Попробуем пойти вторым путем, зная, однако, наперед, что успеем сделать лишь несколько первых шагов. Пусть остальное доскажут для нас работы Адорно, пронизанные живой острой мыслью.
Начнем с вопроса. Кто был он, автор многочисленных статей о музыке и двух монографий-эссе — о Рихарде Вагнере и Густаве Малере, автор «Философии новой музыки», вышедшей в 1949 г., а написанной в
[282]
эмиграции, в США, автор книг по философии, писавший о Сёрене Кьеркегоре и о Гуссерле и феноменологической школе, директор Франкфуртского института социологии? Был ли он музыковедом, философом или социологом? Был ли он всем этим по отдельности или сразу? Наверное, проще сказать, кем не был этот всесторонний человек, сверх всего еще и композитор, чьи сочинения недавно собраны и изданы в довольно солидном томе. Итак, кем же он не был? Ответ приходит незамедлительно: чем бы ни занимался Адорно, он никогда не был историком. Не в том смысле, что он не писал специальных исторических трудов, — нет, он не был историком во всех тех областях, какими действительно занимался. Он не был историком музыки, историком философии, историком культуры. И вот как раз это, «отрицательное», — то, чем Адорно явно не был, — подсказывает, кем же был он на самом деле, в своем призматически преломленном многогранном единстве.
Ответ простой: он был музыкальным критиком. Но только музыкальным критиком необыкновенных, баснословных масштабов. Давайте не побоимся увидеть Адорно, это исключительно своеобразное явление культуры, всесторонне и вначале похвалим его, воздав ему должное.

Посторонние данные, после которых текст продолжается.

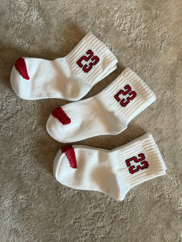 Hiç kullanılmamış 22-24 numara 3 çift beyaz çorap. Üst kısmı kendinden çizgilidir. Pamuklu çoraptır. #çocukçorap

Итак, Адорно был музыкальным критиком. Он воспитал в себе самое необходимое для этого — тонкость критической реакции. Он обладал исключительно широким кругозором, он знал музыку, как мало кто (о недостатках Адорно речь, согласно договоренности, пойдет ниже, и тогда мы укажем на то, что Адорно вообще не желал знать). Это засвидетельствовал писатель, испытавший Адорно в деле, — автор созданного с его помощью и поддержкой романа «Доктор Фаустус». Адорно помог этому писателю, воспитанному в представлениях о музыке, какие сложились в 1880-е годы, и жившему ими, составить свой взгляд на музыку XX в., и в роман перешло от Адорно все тонкое и грубое, что думал о музыке этот почти молодой еще в начале 40-х годов человек. Томас Манн писал так: «Я чувствовал, что мне нужна помощь извне, нужен какой-то советчик, какой-то руководитель, с одной стороны, компетентный в музыке, а с другой стороны, посвященный в задачи моей эпопеи и способный со знанием дела дополнять мое воображение своим; я с тем большей готовностью принял бы такую помощь, что музыка, поскольку роман трактует о ней <...> была здесь... средством, чтобы показать положение искусства как такового, культуры, больше того — человека и человеческого гения в нашу глубоко критическую эпоху». И дальше: «Описание серийной музыки и критика ее в том виде, как они даны в диалоге XXII главы «Фаустуса», основаны целиком на анализах Адорно; на них же основаны и некоторые замечания о музыкальном языке Бетховена, встречающиеся уже в начале книги...».
[1] Вот какие отзывы давал об Адорно автор «Доктора Фаустуса», и нет сомнений, что мы не можем похвалить Адорно лучше, чем его словами. Поскольку Томас Манн писал об Адорно много и хвалил его долго и красочно, мы отсылаем читателей к вполне адекватному переводу С. Апта в т. 5 и 9 русского собрания сочинений писателя.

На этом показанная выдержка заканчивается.